Шамилю я берусь выхлопотать разрешение остаться на Кавказе, но с условием жить там, где ему укажут, и прекратить всякие проповеди мюридизма.

Наибы с мрачной усмешкой переглянулись между собой.

— Хорошо, — сказал, немного подумав, Енус, — мы передадим твои слова имаму. Прими от нас его сына, двух нукеров, с которыми просим никогда не разлучать его, нам же дозволь возвратиться в аул; через час мы привезем тебе ответ.

Получив согласие генерала, наибы провели Джамал-Едина в приготовленную для него палатку, где его ждали два офицера, на попечение которых он и был сдан.

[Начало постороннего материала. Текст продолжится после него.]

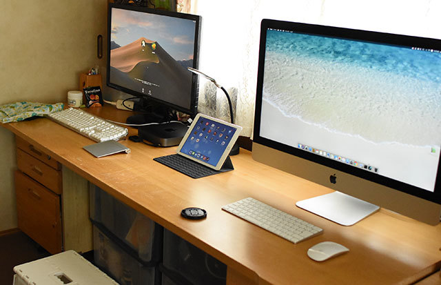 キーボードもマウスもコードレスで机がすっきり。
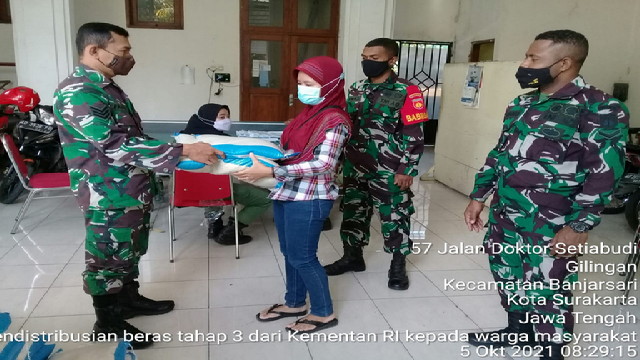 Tampabatas.com(SMSI), Surakarta.- Bertempat di Kampung Notodiningratan RT 05 RW IV Kelurahan Kemlayan Babinsa Koramil 03 Serengan Kodim 0735 Surakarta Bersama Lurah dan Bhabinkamtibmas memberikan Bantuan Sembako kepada warga yang dikarantina dampak Covid – 19. Selasa 13/10/2020.
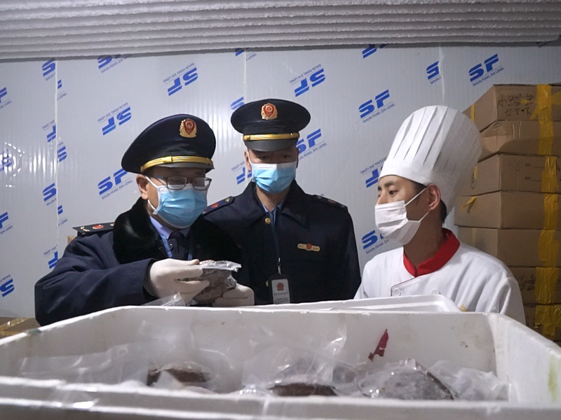 “這個鮑魚是廣州的嗎?”“對,這是新鮮的買過來后,自己加工、包裝過的!薄叭绻羞M口冷鏈食品,要特別注意……”在該縣裕錦大酒店,永嘉縣市場監執法人員仔細檢查近段時間以來的食品及原料采購臺賬,并詳細詢問冷庫內各類食材的產地等相關信息。酒店行政總廚潘光耀告訴記者,考慮到防疫期間的食品安全問題,目前他們采購的基本上是國產食材,國產的東西也挺好的,比較安全。
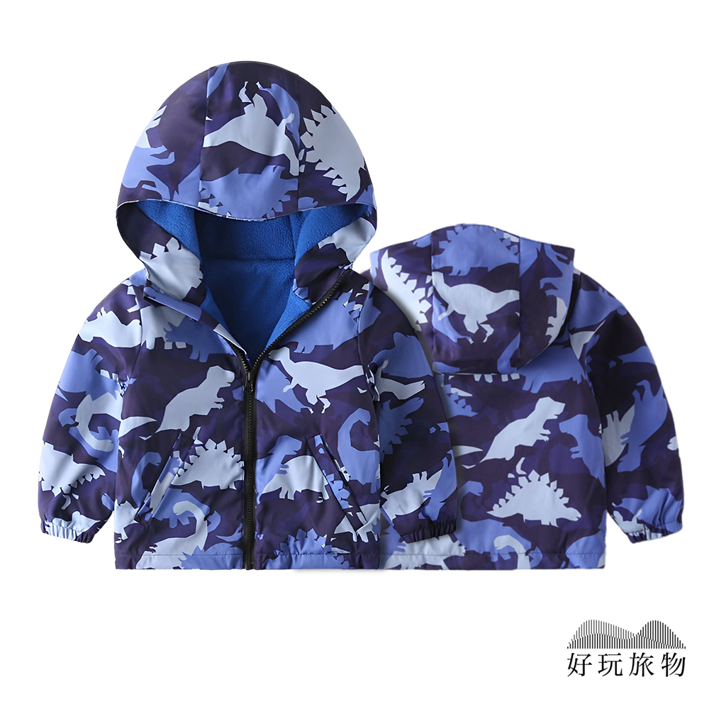 【好玩旅物】內刷毛防水防風兒童衝鋒外套 120碼 藍色恐龍

Во все время, пока происходила церемония водворения его на новое местожительство и прощание с ним отцовских наибов, Джамал-Един не проронил ни одного слова, ни один мускул не дрогнул на его благородном лице. Только когда наибы и мюриды ушли, он подошел к входу палатки и, остановившись там, пристальным взором глядел им вслед до тех пор, пока они не скрылись за развалинами ближайших сакль. В эту минуту лицо его выражало глубокую печаль, а в глазах светилось недетское горе.

Когда последние мюриды исчезли из виду, Джамал-Един глубоко вздохнул и, вскинув горящий ненавистью взгляд на двух часовых, замерших у входа в его палатку, судорожно схватился за рукоять своего кинжала.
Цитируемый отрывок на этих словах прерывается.